Using the records below, copy exactly the part that opens with the line holding "大きな網代文に、大きな3つ紋は、大正昭和初期のお出かけ着です。" and closes with the line holding "跆拳道的功夫秀顯示出其成員的", minus the pictures.

*Records provided:*
============================================================

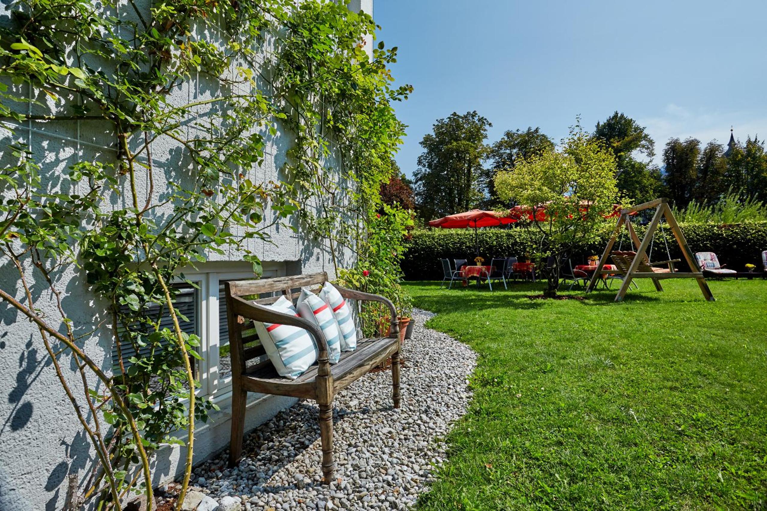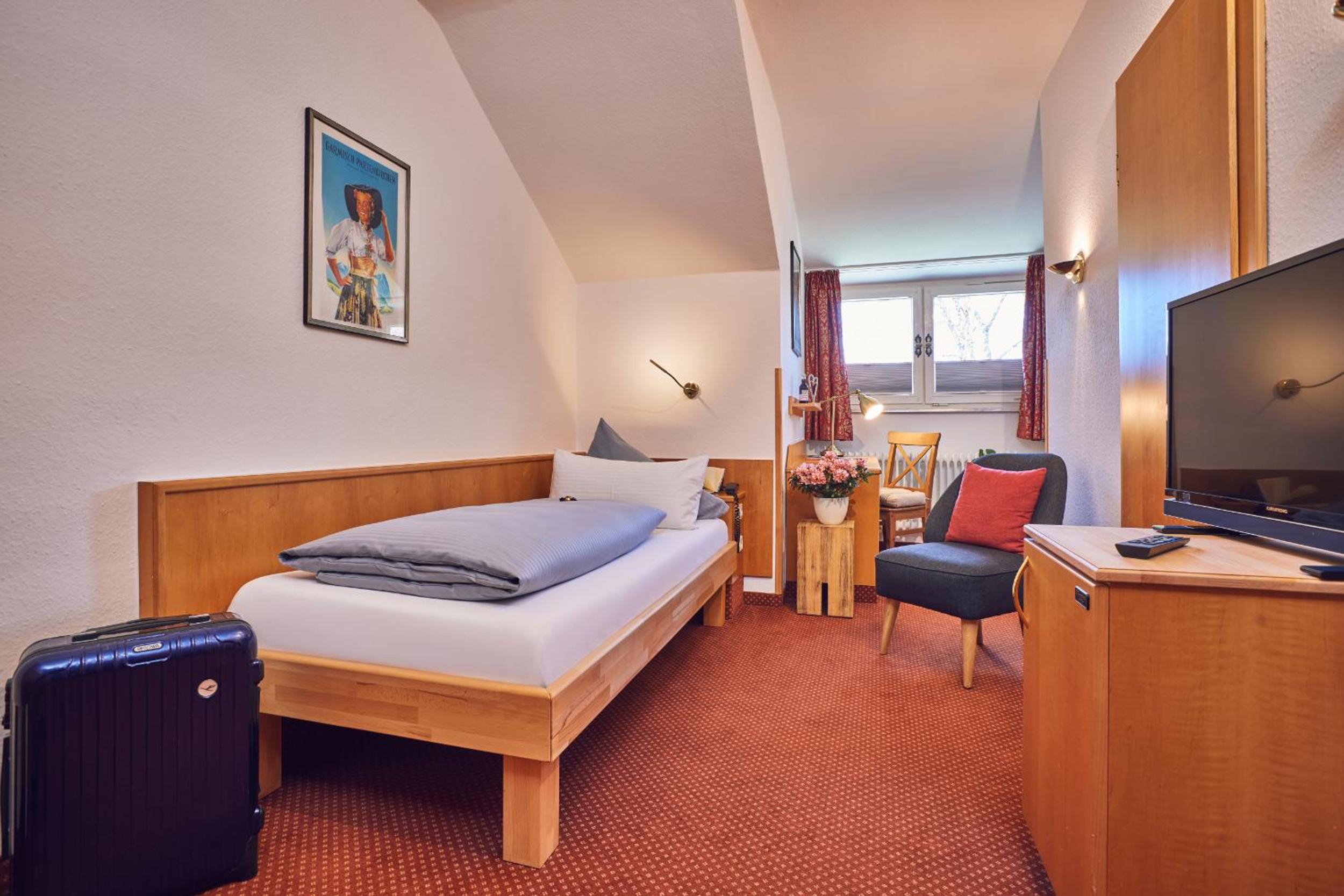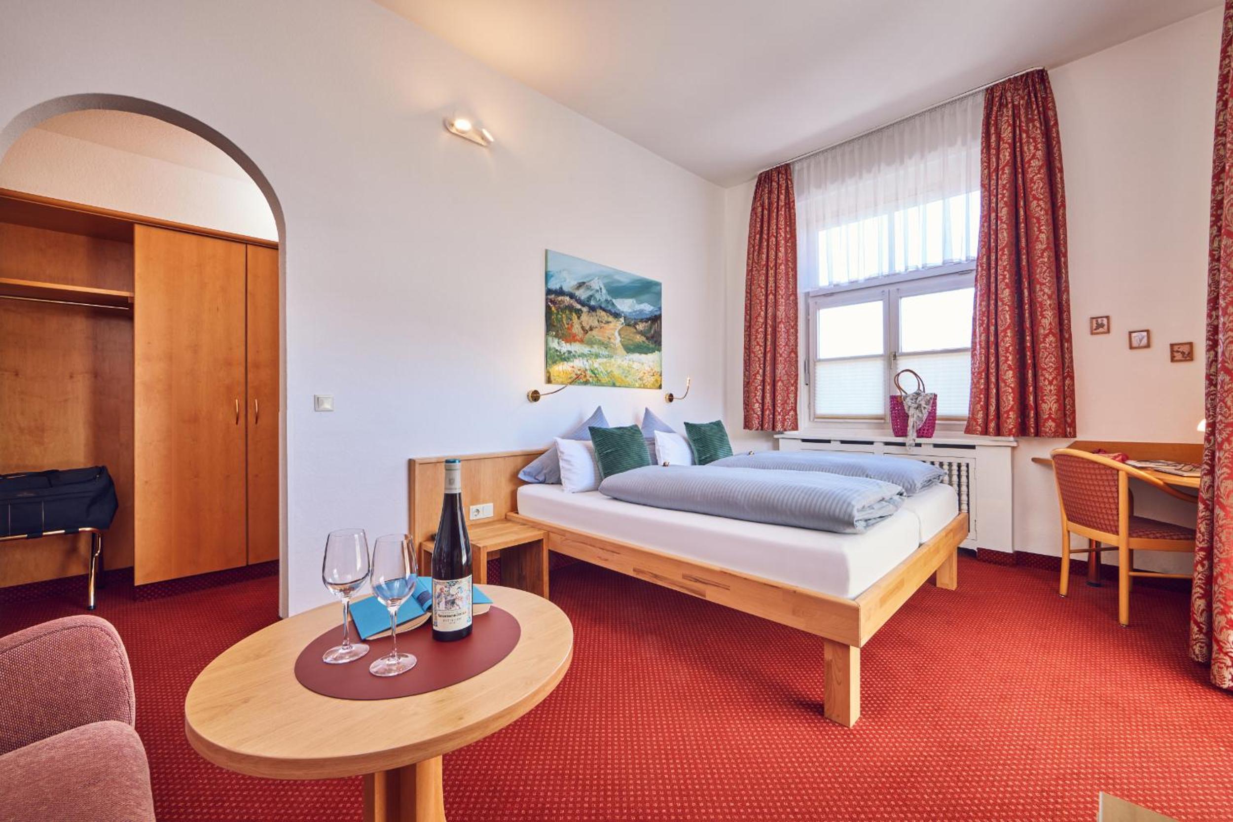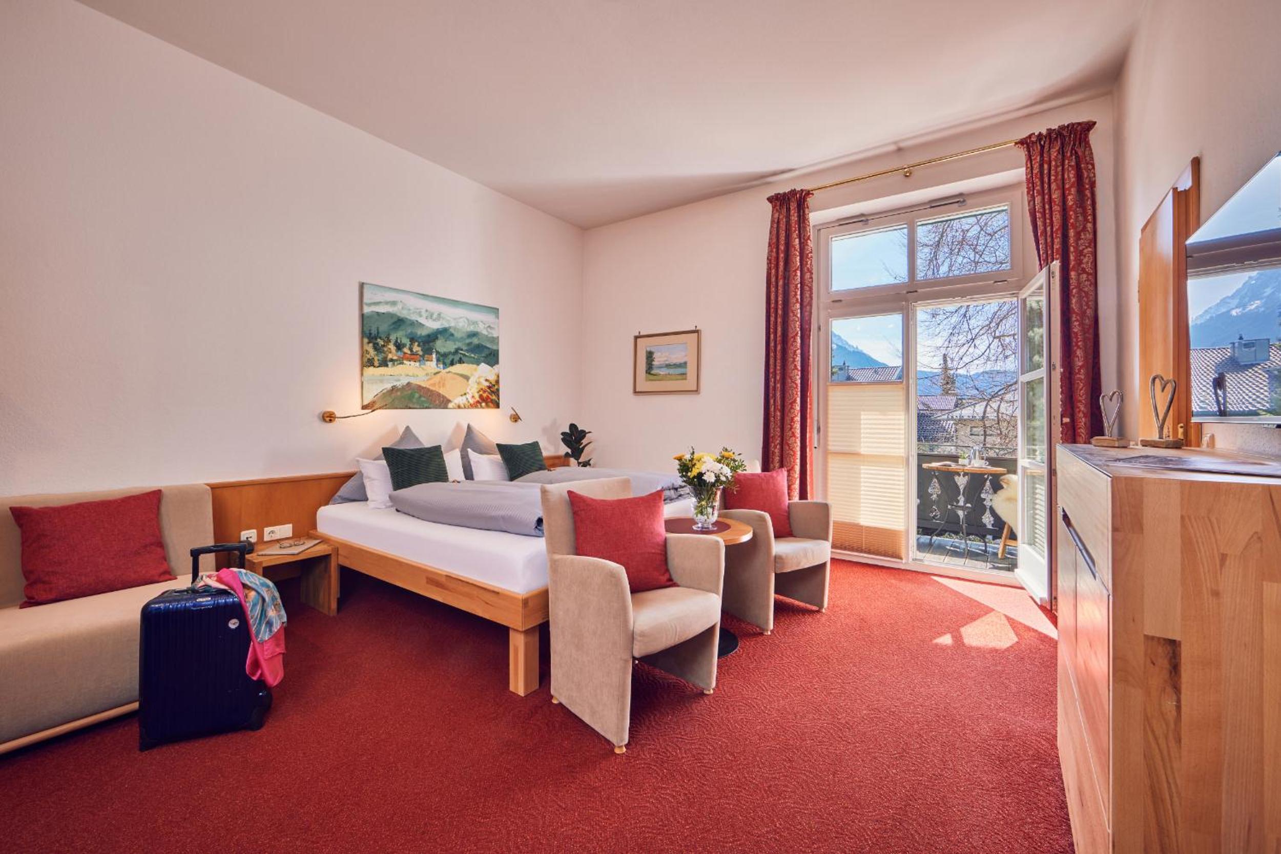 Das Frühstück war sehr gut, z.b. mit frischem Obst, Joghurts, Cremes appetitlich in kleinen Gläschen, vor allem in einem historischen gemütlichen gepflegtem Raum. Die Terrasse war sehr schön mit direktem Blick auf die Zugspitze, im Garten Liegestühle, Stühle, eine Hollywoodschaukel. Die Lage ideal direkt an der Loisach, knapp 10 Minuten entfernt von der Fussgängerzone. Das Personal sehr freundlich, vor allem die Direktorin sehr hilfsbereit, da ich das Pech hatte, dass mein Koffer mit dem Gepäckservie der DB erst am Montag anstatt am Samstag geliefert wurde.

============================================================

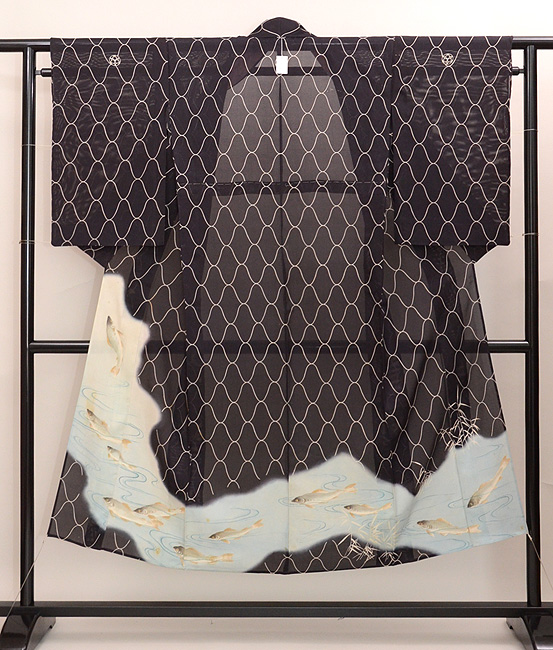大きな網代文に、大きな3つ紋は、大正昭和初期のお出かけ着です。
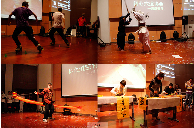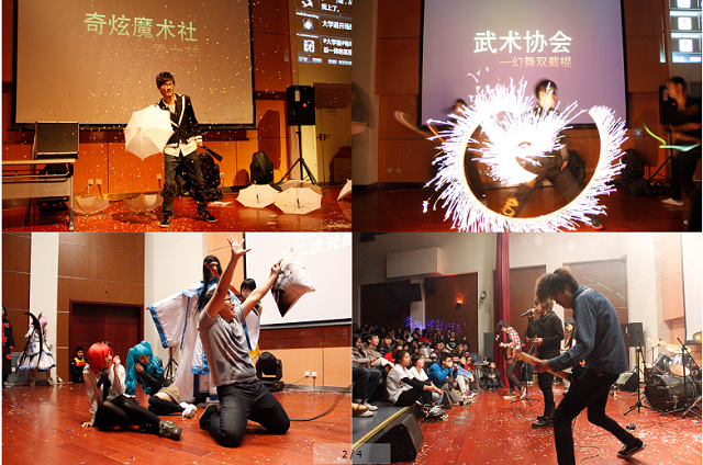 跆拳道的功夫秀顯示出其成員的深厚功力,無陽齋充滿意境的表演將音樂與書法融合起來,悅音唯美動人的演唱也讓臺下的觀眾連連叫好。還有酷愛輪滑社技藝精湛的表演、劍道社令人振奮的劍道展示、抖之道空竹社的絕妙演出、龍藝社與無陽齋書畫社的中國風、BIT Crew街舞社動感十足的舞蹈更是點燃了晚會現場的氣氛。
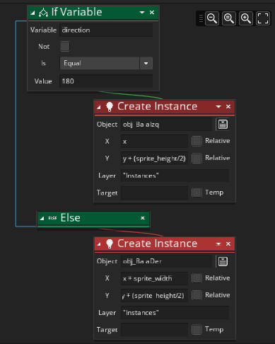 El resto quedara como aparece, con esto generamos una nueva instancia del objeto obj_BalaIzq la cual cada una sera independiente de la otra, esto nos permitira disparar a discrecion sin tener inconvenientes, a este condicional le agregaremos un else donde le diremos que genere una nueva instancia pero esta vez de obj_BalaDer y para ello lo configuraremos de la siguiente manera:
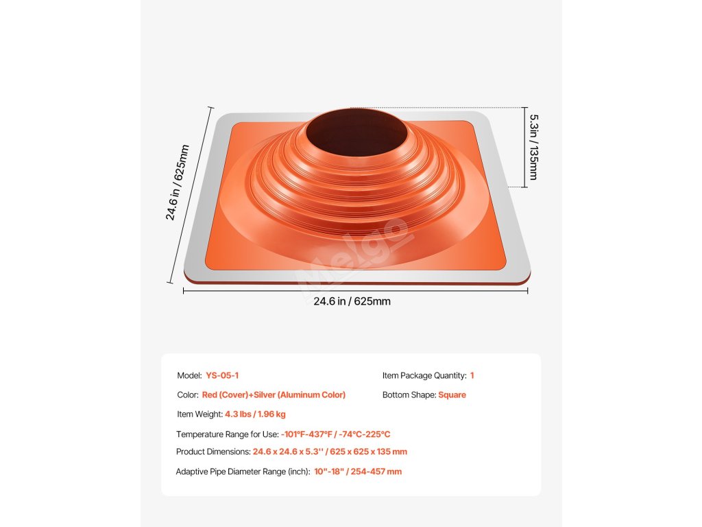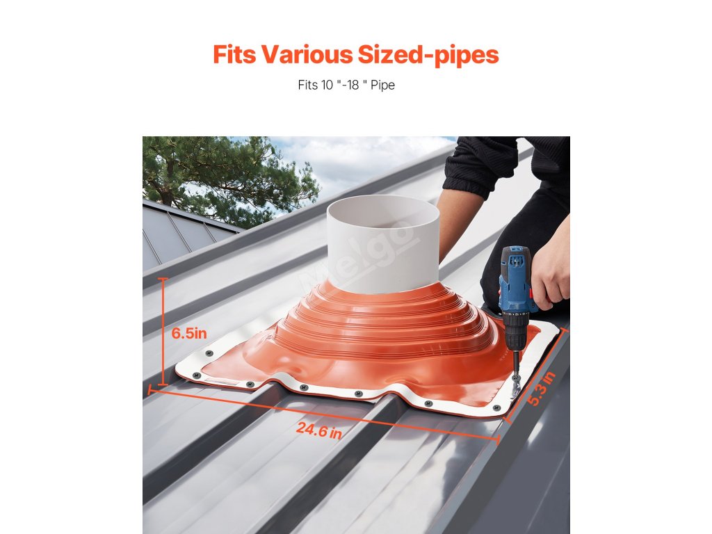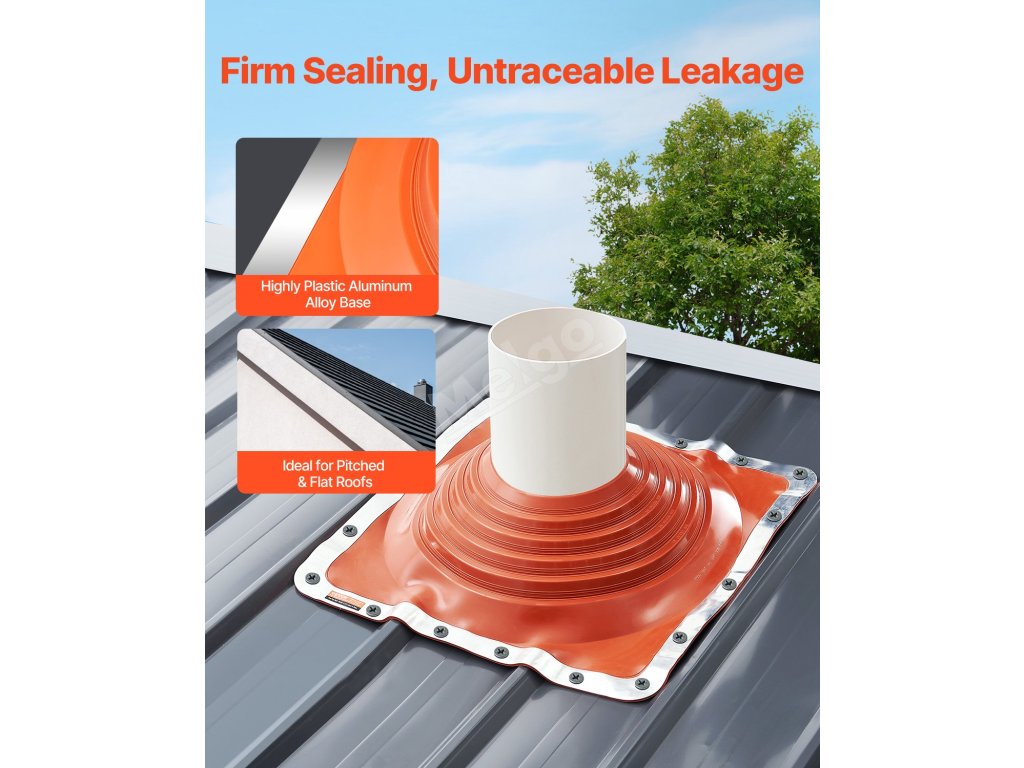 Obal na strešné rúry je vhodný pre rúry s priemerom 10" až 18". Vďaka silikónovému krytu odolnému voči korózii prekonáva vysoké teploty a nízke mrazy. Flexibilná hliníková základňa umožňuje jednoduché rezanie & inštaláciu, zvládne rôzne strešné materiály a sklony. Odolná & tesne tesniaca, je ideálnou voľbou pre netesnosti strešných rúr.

============================================================

*Result for this task:*
大きな網代文に、大きな3つ紋は、大正昭和初期のお出かけ着です。
 跆拳道的功夫秀顯示出其成員的深厚功力,無陽齋充滿意境的表演將音樂與書法融合起來,悅音唯美動人的演唱也讓臺下的觀眾連連叫好。還有酷愛輪滑社技藝精湛的表演、劍道社令人振奮的劍道展示、抖之道空竹社的絕妙演出、龍藝社與無陽齋書畫社的中國風、BIT Crew街舞社動感十足的舞蹈更是點燃了晚會現場的氣氛。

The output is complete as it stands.